▽

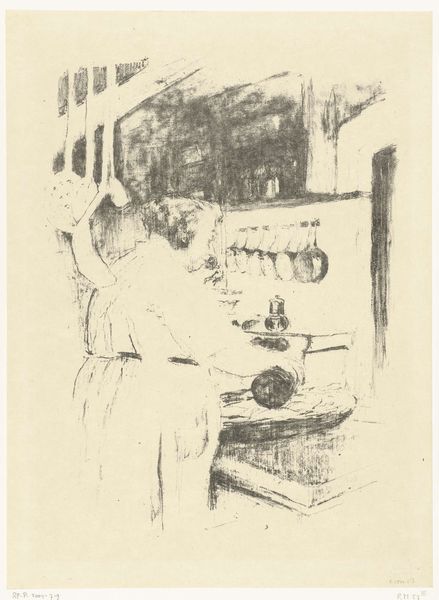 Édouard Vuillard rendered 'Cooking; The Cook' in 1894, using lithography on paper. The piece comes from a series depicting intimate interiors and everyday life scenes, which reflect the values of the artist’s avant-garde group "Les Nabis." Vuillard’s artistic circle challenged the rigid academic art of the time, opting instead to explore personal and decorative expression. “We wanted to get away from naturalism,” Vuillard said, signaling their shift away from traditional representation. Here, the sketch captures a cook in a domestic setting; a woman is seen from behind, diligently working in a humble kitchen. Striking in its intimate portrayal of domestic labor, the artwork invites us to reflect on the often unseen and uncelebrated work performed by women, particularly those in service roles. With this poignant portrayal, Vuillard elevates the quiet dignity of the cook’s daily tasks, prompting us to consider the value and social implications of domestic labor.
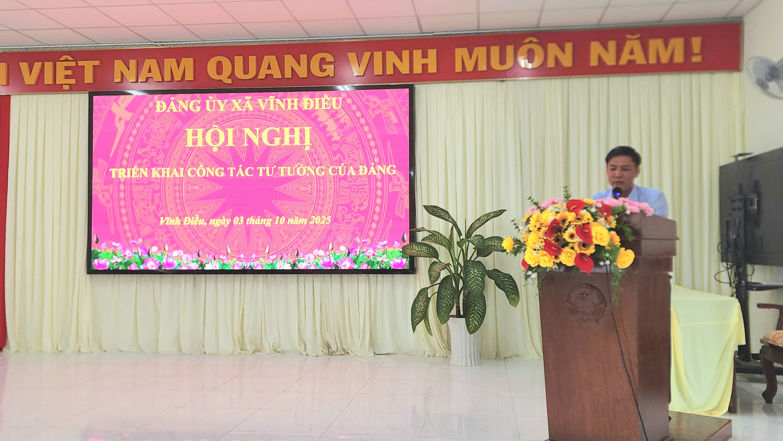 Chiều ngày 03/10/2025, Đảng ủy xã Vĩnh Điều tổ chức Hội nghị Triển khai công tác tư tưởng của Đảng. Đồng chí Huỳnh Thiện Khoa, Phó Bí thư Thường trực Đảng ủy, Chủ tịch HĐND xã dự và chủ trì hội nghị.
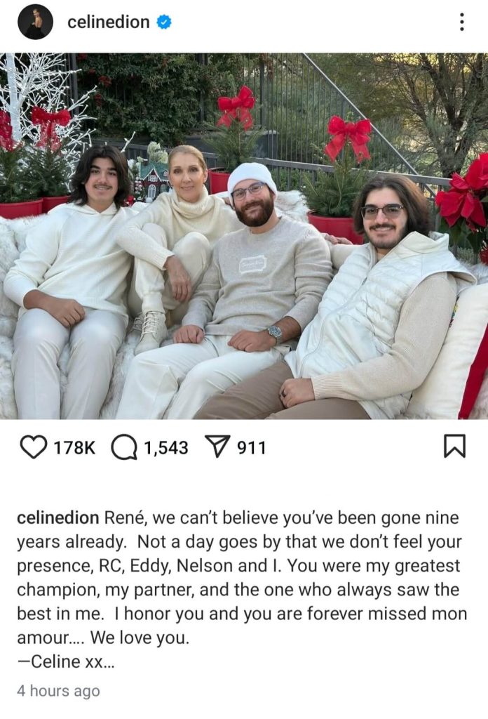 In the caption, she wrote: “René, we can’t believe you’ve been gone nine years already. Not a day goes by that we don’t feel your presence, RC, Eddy, Nelson, and I. You were my greatest champion, my partner, and the one who always saw the best in me. I honor you and you are forever missed, mon amour…. We love you. —Celine xx…”
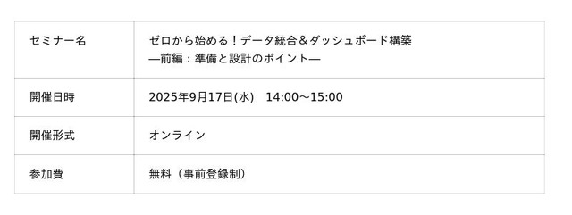 株式会社メディックス(本社:東京都千代田区、代表取締役:田中正則、以下メディックス)は、Webマーケティングの担当者様・事業責任者様向けに、無料オンラインセミナー『ゼロから始める!データ統合&ダッシュボード構築 ―前編:準備と設計のポイント―』を開催いたします。
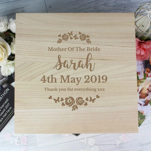 The Personalised Any Role Floral Watercolour Wedding Large Wooden Keepsake Box: Gift them this beautiful wooden keepsake box, personalised with their role and wedding details. With its floral design and ample storage space, it’s perfect for storing cherished mementoes.
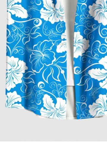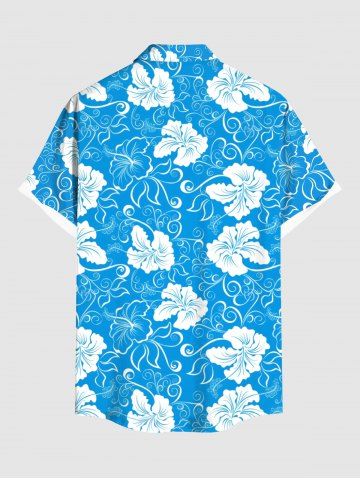 Chemise Décontractée Fleur D'Hibiscus et Poche de Grande Taille avec Boutons - Bleu - Bleu
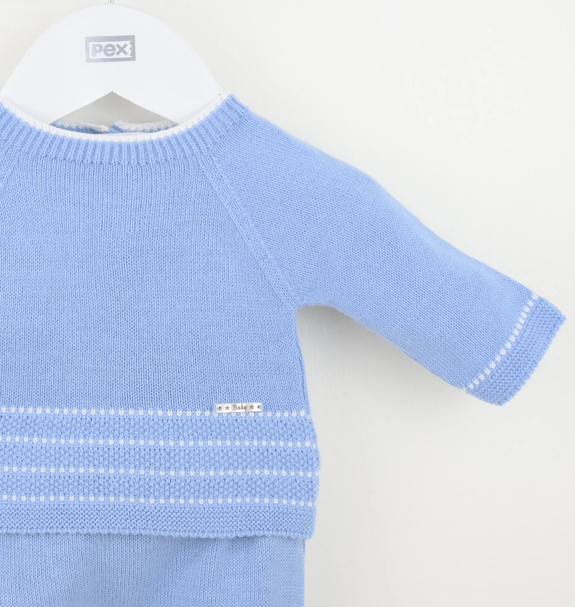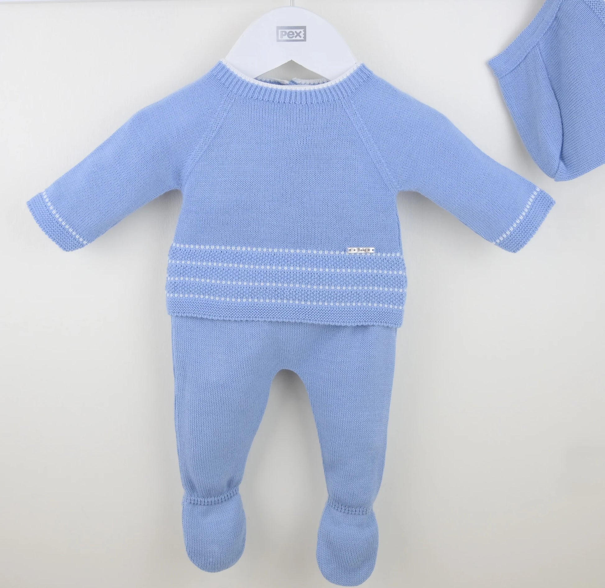 Knitted in gloriously soft dusky blue coloured yarn, this little boys suit is comfy as well as ultra stylish. The smart top has classic textured stripes towards the hem and at the cuffs. There are convenient buttons running down the back. The matching trousers have cosy enclosed feet and a comfortably elasticated waistband. Complete with a matching bonnet.
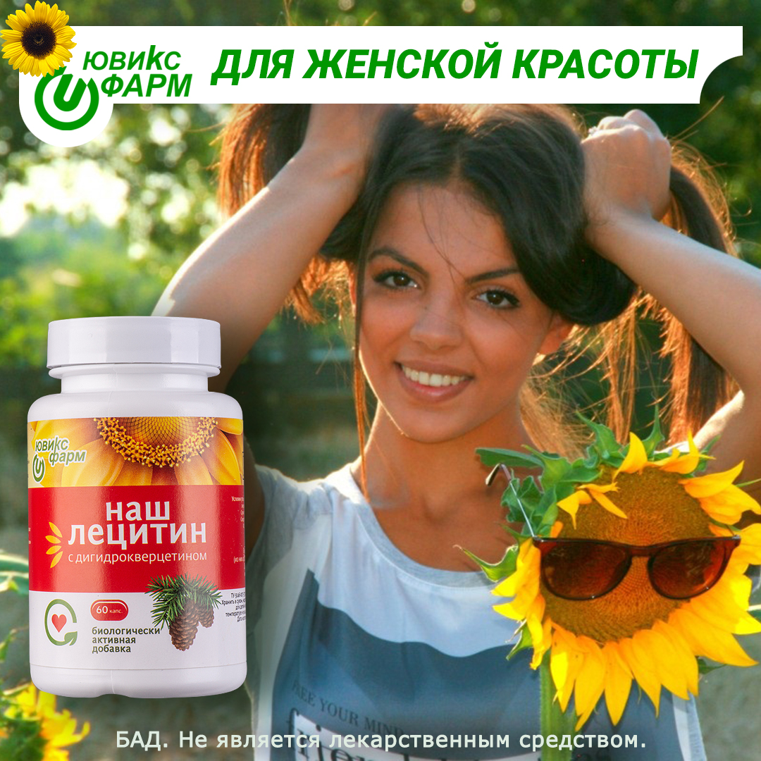 На фоне солнечного лета и мягких шёпотов природы, где золотые поля встречают светлые горизонты, молодая девушка с сияющей улыбкой обрамлена зеленью и радуется моменту. В её глазах отражается лёгкость и полет мысли, как будто вся её сущность говорит о том, что красота — это не только внешность, но и внутренний свет. На переднем плане, как символ естественной красоты и здоровья, расположена банка с надписью "наш лецитин". Ощущение свежести и простоты переплетается с образом подсолнуха, который, словно маленькое солнце, смотрит с надеждой на новый день. Все вокруг шепчутся о силе природы, которую вобрали в себя эти добавки. Этот мир живёт и дышит гармонией, удостоверяясь в том, что истинная красота идёт изнутри. Это не просто реклама, это приглашение к природной гармонии, к диалогу с собственной естественностью. Видение природы и человека, сплетённые в единый танец света и жизни.
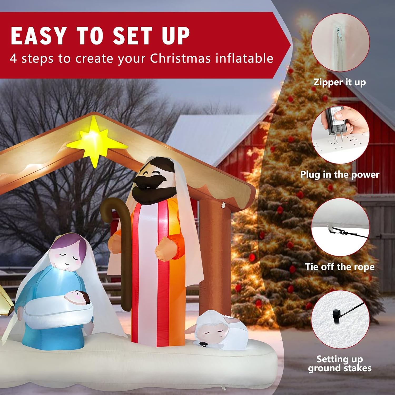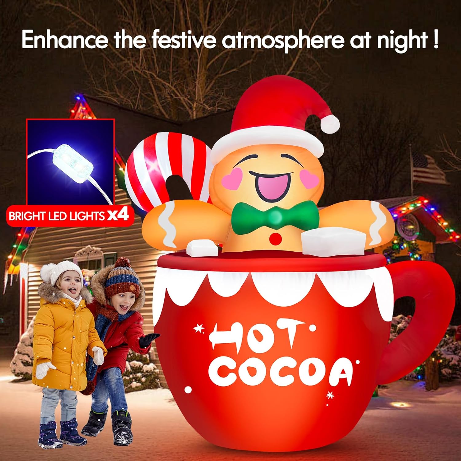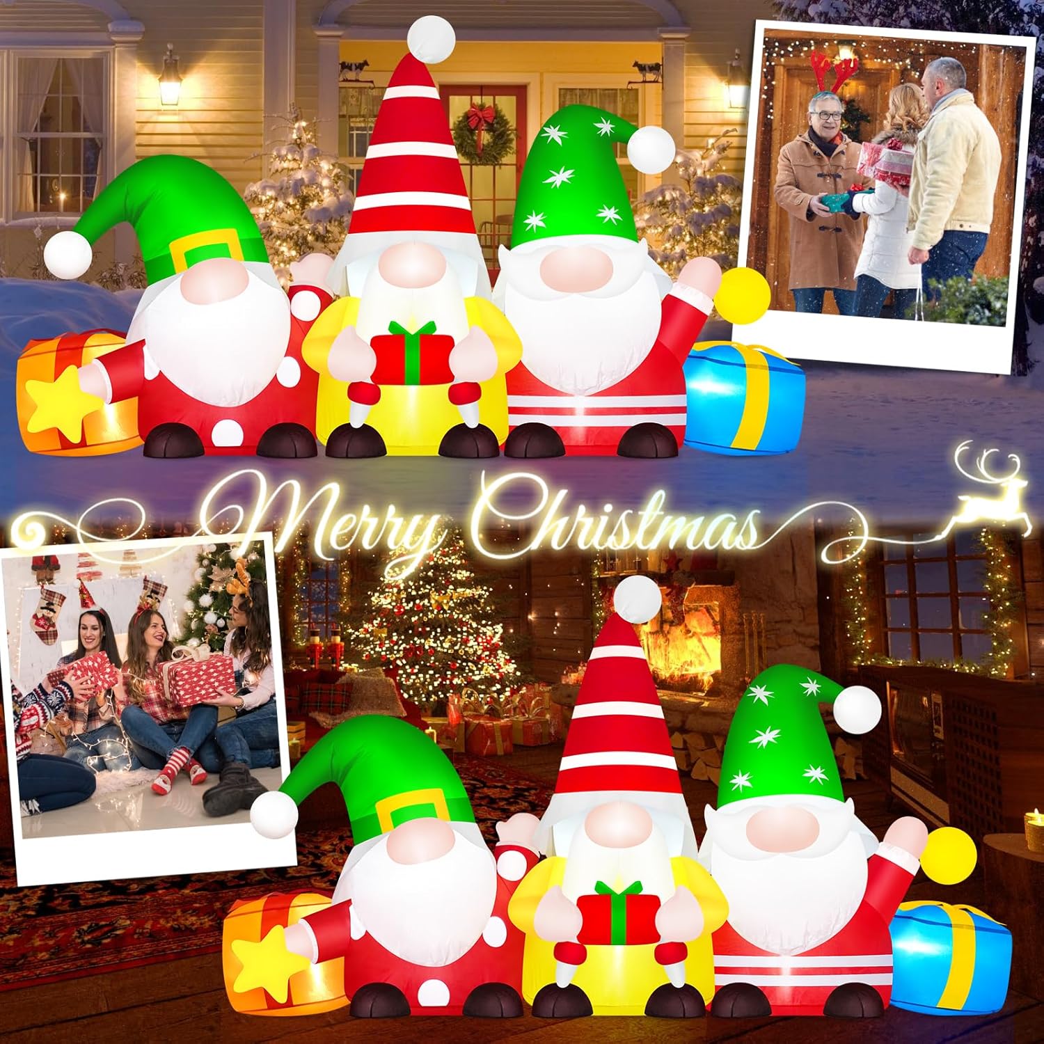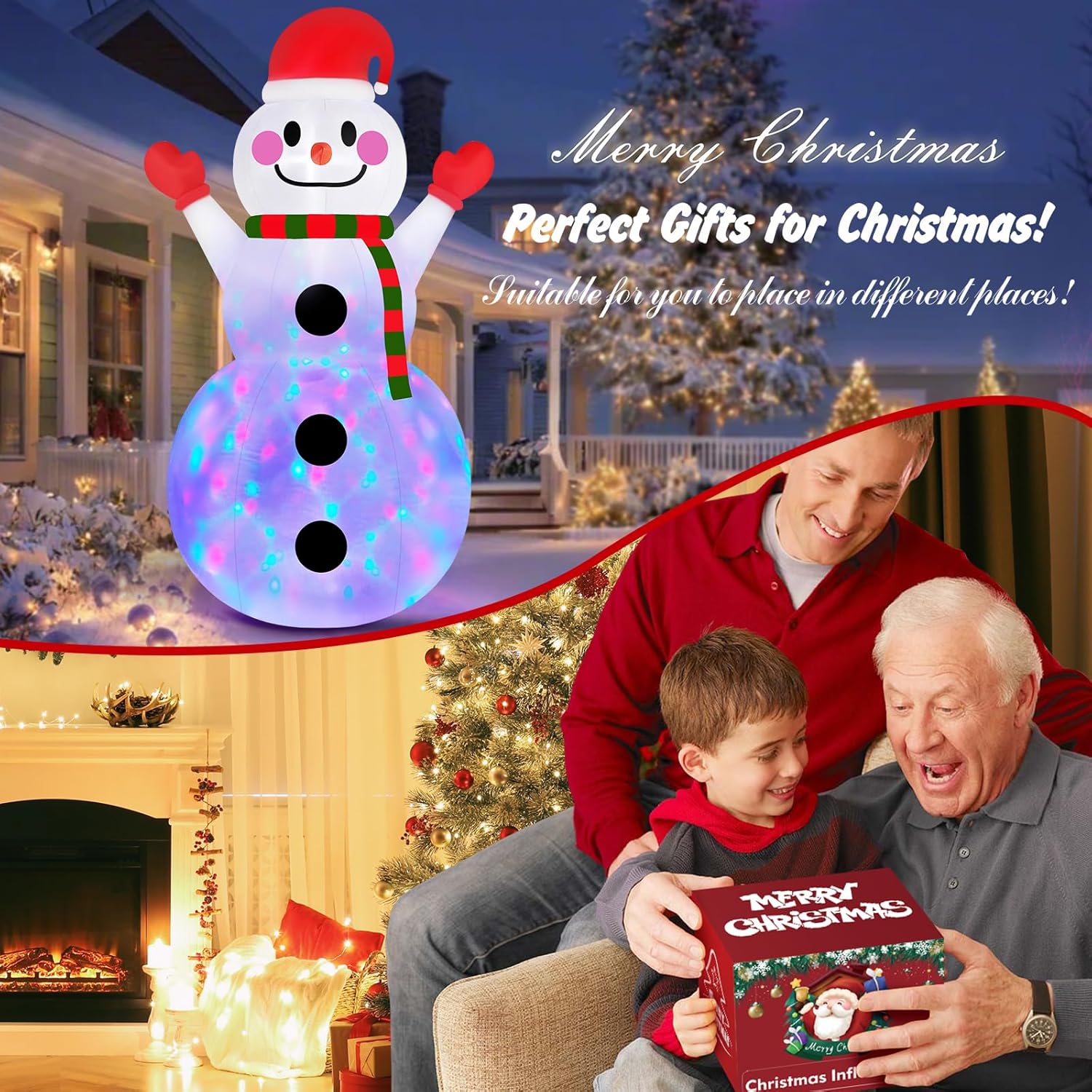 - Agregue un Ambiente Cálido: el inflable navideño de Danxilu para exteriores se desinfla y se pliega en nuestra caja de regalo incluida. Lo acompañará a usted y a su familia durante más de una Navidad. ¡Estas decoraciones inflables navideñas para exteriores son perfectas como fondo de fotos navideñas, creando un recuerdo cálido y divertido para familiares y amigos! La deslumbrante exhibición nocturna iluminará instantáneamente la atmósfera alegre de la Nochebuena y hará que su fiesta navideña sea más popular

△

Leave out the pictures and restate, word for word, the lines from the top of the data through the line containing "Chiều ngày 03/10/2025, Đảng", both included.

● **EXPECTED ANSWER**:
 Édouard Vuillard rendered 'Cooking; The Cook' in 1894, using lithography on paper. The piece comes from a series depicting intimate interiors and everyday life scenes, which reflect the values of the artist’s avant-garde group "Les Nabis." Vuillard’s artistic circle challenged the rigid academic art of the time, opting instead to explore personal and decorative expression. “We wanted to get away from naturalism,” Vuillard said, signaling their shift away from traditional representation. Here, the sketch captures a cook in a domestic setting; a woman is seen from behind, diligently working in a humble kitchen. Striking in its intimate portrayal of domestic labor, the artwork invites us to reflect on the often unseen and uncelebrated work performed by women, particularly those in service roles. With this poignant portrayal, Vuillard elevates the quiet dignity of the cook’s daily tasks, prompting us to consider the value and social implications of domestic labor.
 Chiều ngày 03/10/2025, Đảng ủy xã Vĩnh Điều tổ chức Hội nghị Triển khai công tác tư tưởng của Đảng. Đồng chí Huỳnh Thiện Khoa, Phó Bí thư Thường trực Đảng ủy, Chủ tịch HĐND xã dự và chủ trì hội nghị.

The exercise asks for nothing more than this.